## SOURCE DATA
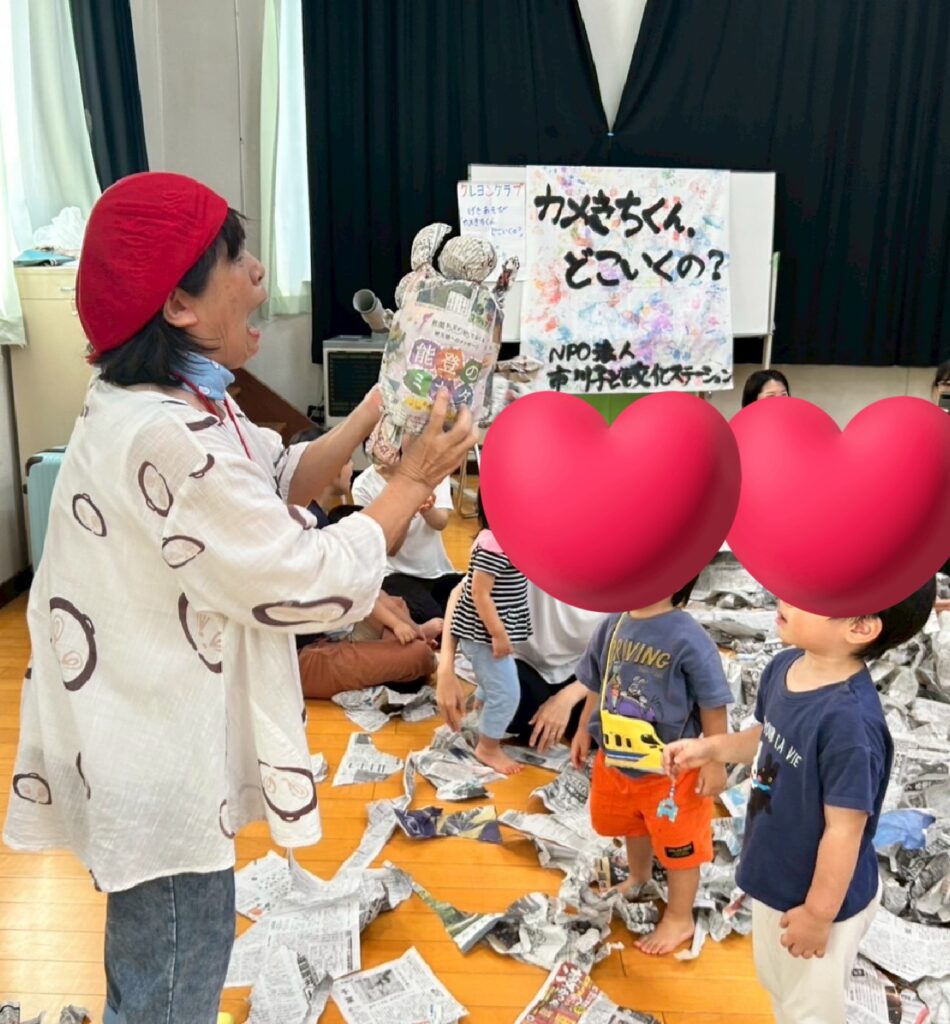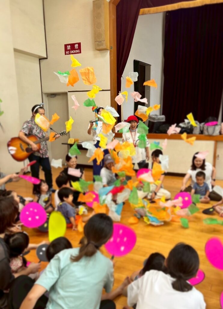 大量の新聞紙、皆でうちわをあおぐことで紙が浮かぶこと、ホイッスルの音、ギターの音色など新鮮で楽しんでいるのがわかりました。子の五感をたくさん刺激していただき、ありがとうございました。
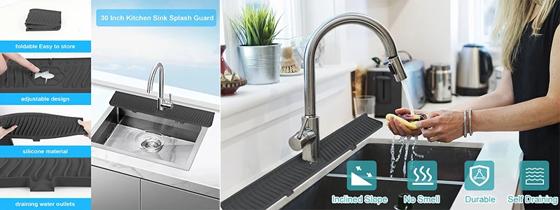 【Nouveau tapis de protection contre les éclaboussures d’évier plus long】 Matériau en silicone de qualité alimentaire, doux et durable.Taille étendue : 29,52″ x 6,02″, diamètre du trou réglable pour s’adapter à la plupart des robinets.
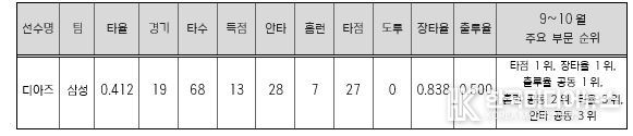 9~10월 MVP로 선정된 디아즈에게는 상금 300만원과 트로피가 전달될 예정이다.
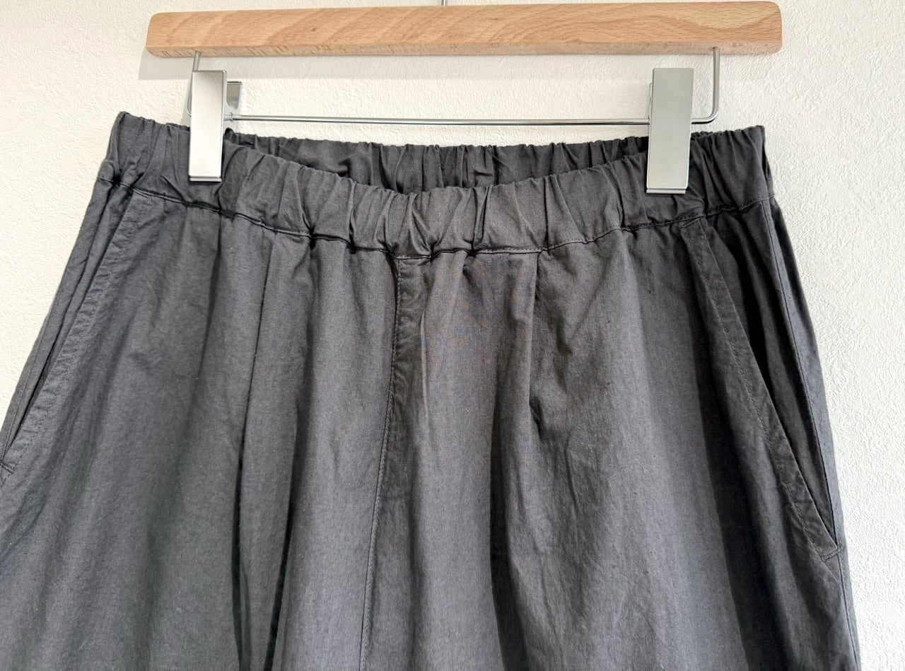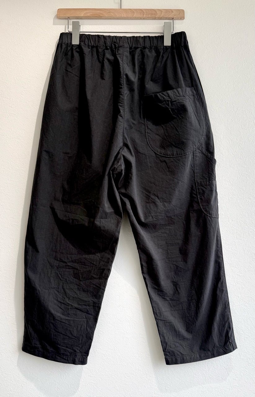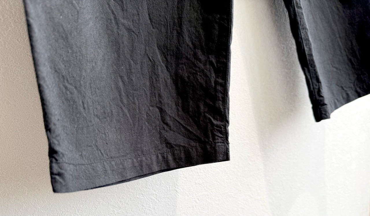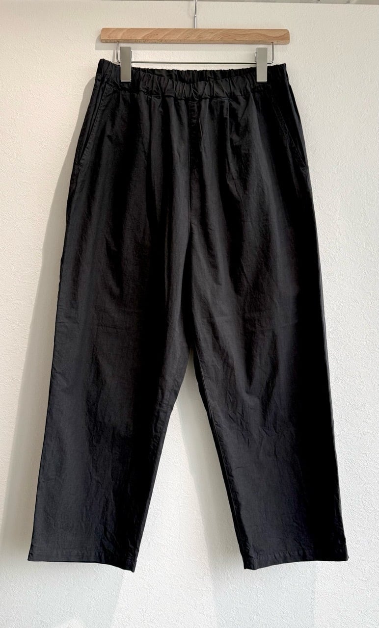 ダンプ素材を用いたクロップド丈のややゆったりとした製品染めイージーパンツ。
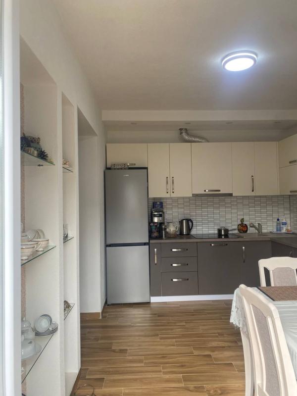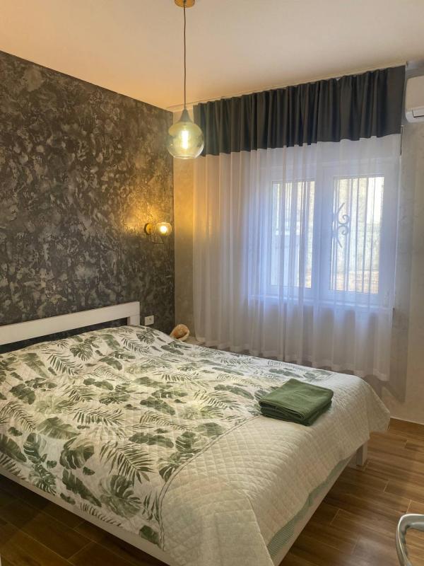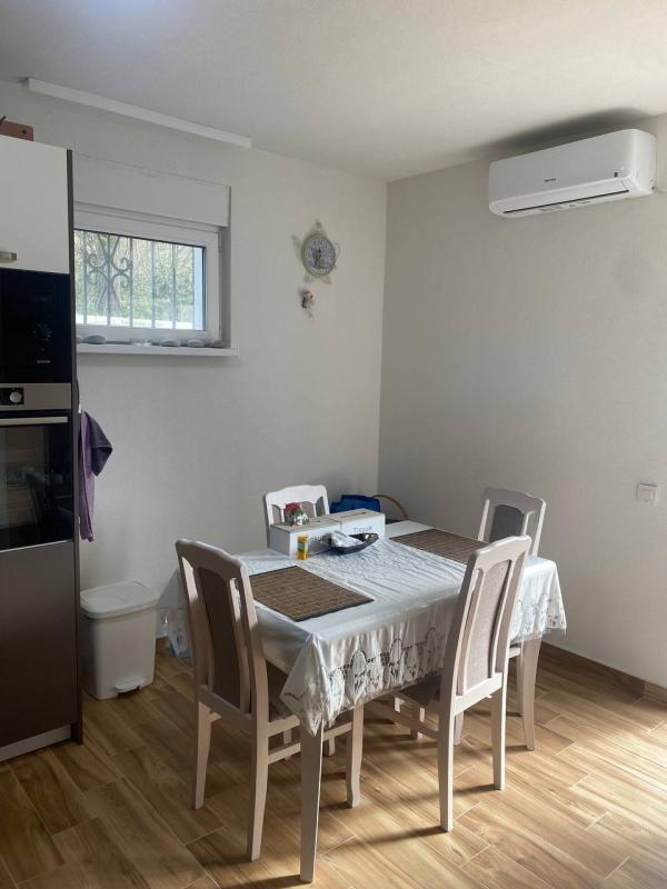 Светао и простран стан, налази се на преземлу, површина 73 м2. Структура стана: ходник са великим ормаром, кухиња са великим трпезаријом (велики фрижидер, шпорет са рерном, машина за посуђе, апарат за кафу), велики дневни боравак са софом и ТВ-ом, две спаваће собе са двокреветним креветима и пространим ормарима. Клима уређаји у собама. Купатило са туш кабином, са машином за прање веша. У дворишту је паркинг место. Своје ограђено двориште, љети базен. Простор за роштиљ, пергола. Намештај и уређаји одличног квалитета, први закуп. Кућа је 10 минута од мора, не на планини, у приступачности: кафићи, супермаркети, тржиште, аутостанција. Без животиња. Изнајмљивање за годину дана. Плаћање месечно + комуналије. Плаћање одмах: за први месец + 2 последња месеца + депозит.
...
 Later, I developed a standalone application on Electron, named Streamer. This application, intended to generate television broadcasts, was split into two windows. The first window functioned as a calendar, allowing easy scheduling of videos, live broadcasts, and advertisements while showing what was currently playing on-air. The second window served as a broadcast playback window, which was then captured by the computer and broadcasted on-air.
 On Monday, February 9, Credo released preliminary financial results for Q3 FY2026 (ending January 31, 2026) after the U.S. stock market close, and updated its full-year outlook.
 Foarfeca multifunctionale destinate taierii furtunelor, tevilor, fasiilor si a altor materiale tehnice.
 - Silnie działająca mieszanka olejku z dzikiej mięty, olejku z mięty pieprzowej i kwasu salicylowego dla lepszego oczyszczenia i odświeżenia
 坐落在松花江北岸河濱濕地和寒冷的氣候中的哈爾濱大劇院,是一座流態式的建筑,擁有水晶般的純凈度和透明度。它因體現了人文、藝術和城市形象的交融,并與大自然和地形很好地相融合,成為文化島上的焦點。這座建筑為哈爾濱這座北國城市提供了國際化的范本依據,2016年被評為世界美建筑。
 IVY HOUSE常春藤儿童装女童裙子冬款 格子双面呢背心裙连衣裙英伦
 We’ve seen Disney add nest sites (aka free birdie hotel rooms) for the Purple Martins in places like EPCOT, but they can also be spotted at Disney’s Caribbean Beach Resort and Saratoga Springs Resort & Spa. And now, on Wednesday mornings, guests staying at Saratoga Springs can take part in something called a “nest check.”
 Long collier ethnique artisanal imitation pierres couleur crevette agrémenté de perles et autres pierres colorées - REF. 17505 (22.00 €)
--
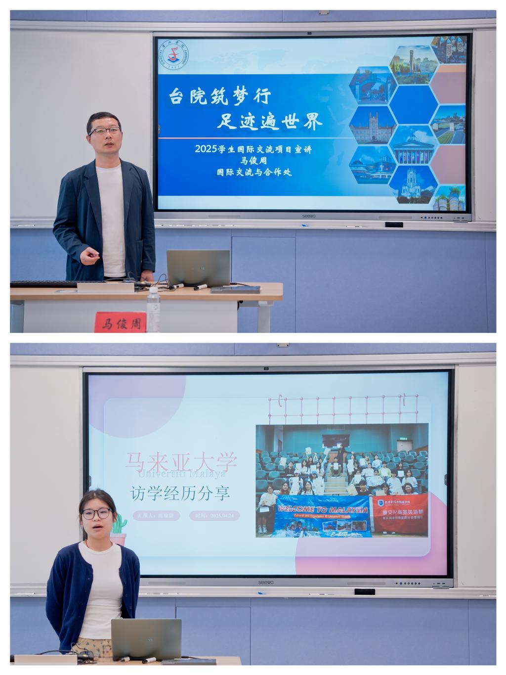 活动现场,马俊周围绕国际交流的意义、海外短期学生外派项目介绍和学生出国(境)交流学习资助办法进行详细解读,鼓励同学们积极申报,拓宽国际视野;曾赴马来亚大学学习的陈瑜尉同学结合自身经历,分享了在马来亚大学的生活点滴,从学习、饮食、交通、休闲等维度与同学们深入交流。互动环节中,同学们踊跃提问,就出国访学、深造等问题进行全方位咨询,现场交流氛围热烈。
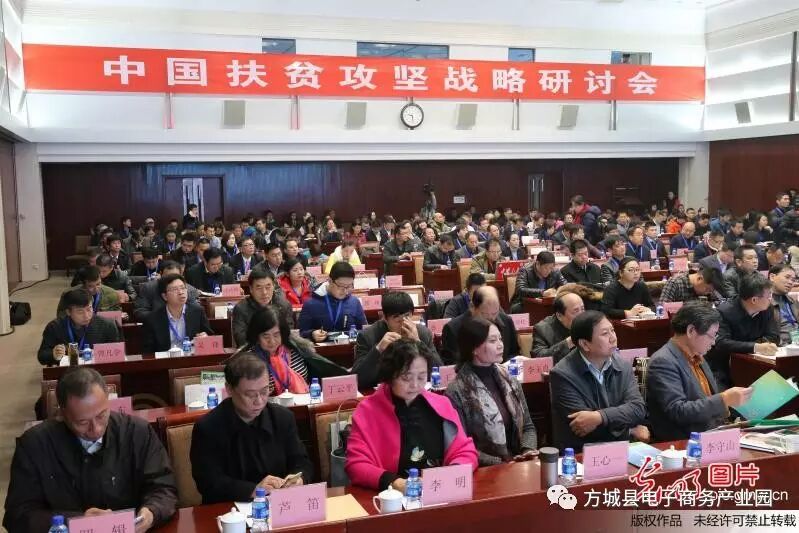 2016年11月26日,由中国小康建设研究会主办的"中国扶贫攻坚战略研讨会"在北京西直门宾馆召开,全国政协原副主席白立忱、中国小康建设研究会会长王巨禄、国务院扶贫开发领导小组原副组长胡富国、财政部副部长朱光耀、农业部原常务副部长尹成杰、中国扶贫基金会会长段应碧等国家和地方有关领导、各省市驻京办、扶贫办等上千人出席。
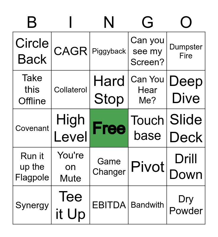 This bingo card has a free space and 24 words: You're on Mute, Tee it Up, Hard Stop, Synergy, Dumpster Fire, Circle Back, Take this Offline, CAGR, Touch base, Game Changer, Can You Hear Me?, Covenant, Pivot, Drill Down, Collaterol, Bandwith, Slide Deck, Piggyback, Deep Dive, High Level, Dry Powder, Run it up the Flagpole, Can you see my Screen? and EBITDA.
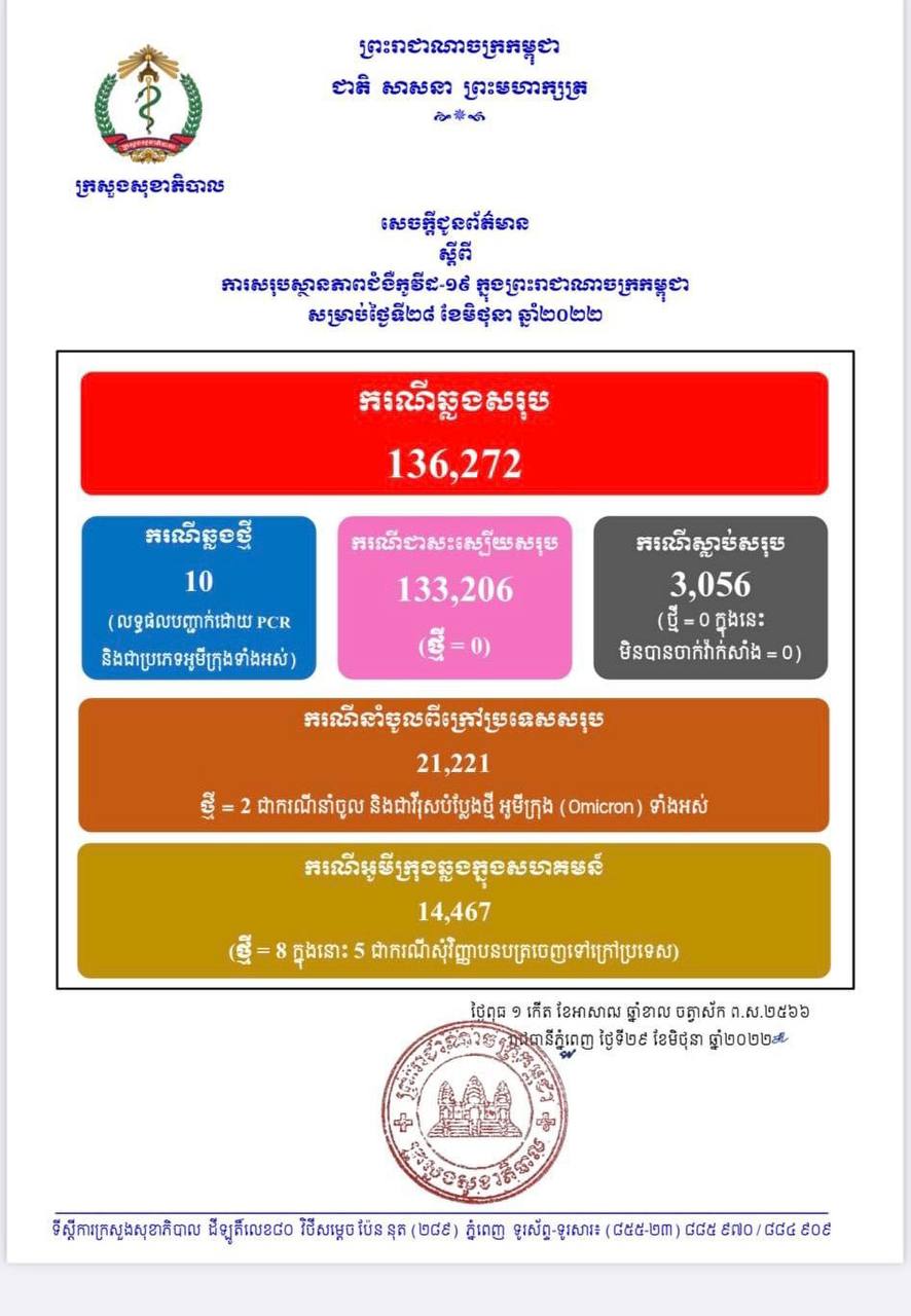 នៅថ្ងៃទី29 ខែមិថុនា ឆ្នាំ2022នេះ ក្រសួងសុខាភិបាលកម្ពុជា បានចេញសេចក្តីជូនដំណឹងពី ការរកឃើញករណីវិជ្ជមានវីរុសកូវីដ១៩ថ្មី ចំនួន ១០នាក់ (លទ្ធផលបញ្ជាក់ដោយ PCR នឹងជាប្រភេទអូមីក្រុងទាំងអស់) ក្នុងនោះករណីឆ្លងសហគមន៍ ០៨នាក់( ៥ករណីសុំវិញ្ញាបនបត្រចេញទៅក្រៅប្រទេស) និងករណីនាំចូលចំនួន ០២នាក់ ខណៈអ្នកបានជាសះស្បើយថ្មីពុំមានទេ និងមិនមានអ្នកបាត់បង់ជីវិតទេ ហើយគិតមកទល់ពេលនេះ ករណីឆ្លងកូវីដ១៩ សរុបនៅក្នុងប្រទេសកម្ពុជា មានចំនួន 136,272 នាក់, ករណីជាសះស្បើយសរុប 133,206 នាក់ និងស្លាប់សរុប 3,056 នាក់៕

## PROBLEM DESCRIPTION
Where a picture appears in the records above, omit it, and transcribe exactly the stretch of lines from the one with "2016年11月26日,由中" through the one with "នៅថ្ងៃទី29 ខែមិថុនា ឆ្នាំ2022នេះ".

## REPLY TO THE EXERCISE
 2016年11月26日,由中国小康建设研究会主办的"中国扶贫攻坚战略研讨会"在北京西直门宾馆召开,全国政协原副主席白立忱、中国小康建设研究会会长王巨禄、国务院扶贫开发领导小组原副组长胡富国、财政部副部长朱光耀、农业部原常务副部长尹成杰、中国扶贫基金会会长段应碧等国家和地方有关领导、各省市驻京办、扶贫办等上千人出席。
 This bingo card has a free space and 24 words: You're on Mute, Tee it Up, Hard Stop, Synergy, Dumpster Fire, Circle Back, Take this Offline, CAGR, Touch base, Game Changer, Can You Hear Me?, Covenant, Pivot, Drill Down, Collaterol, Bandwith, Slide Deck, Piggyback, Deep Dive, High Level, Dry Powder, Run it up the Flagpole, Can you see my Screen? and EBITDA.
 នៅថ្ងៃទី29 ខែមិថុនា ឆ្នាំ2022នេះ ក្រសួងសុខាភិបាលកម្ពុជា បានចេញសេចក្តីជូនដំណឹងពី ការរកឃើញករណីវិជ្ជមានវីរុសកូវីដ១៩ថ្មី ចំនួន ១០នាក់ (លទ្ធផលបញ្ជាក់ដោយ PCR នឹងជាប្រភេទអូមីក្រុងទាំងអស់) ក្នុងនោះករណីឆ្លងសហគមន៍ ០៨នាក់( ៥ករណីសុំវិញ្ញាបនបត្រចេញទៅក្រៅប្រទេស) និងករណីនាំចូលចំនួន ០២នាក់ ខណៈអ្នកបានជាសះស្បើយថ្មីពុំមានទេ និងមិនមានអ្នកបាត់បង់ជីវិតទេ ហើយគិតមកទល់ពេលនេះ ករណីឆ្លងកូវីដ១៩ សរុបនៅក្នុងប្រទេសកម្ពុជា មានចំនួន 136,272 នាក់, ករណីជាសះស្បើយសរុប 133,206 នាក់ និងស្លាប់សរុប 3,056 នាក់៕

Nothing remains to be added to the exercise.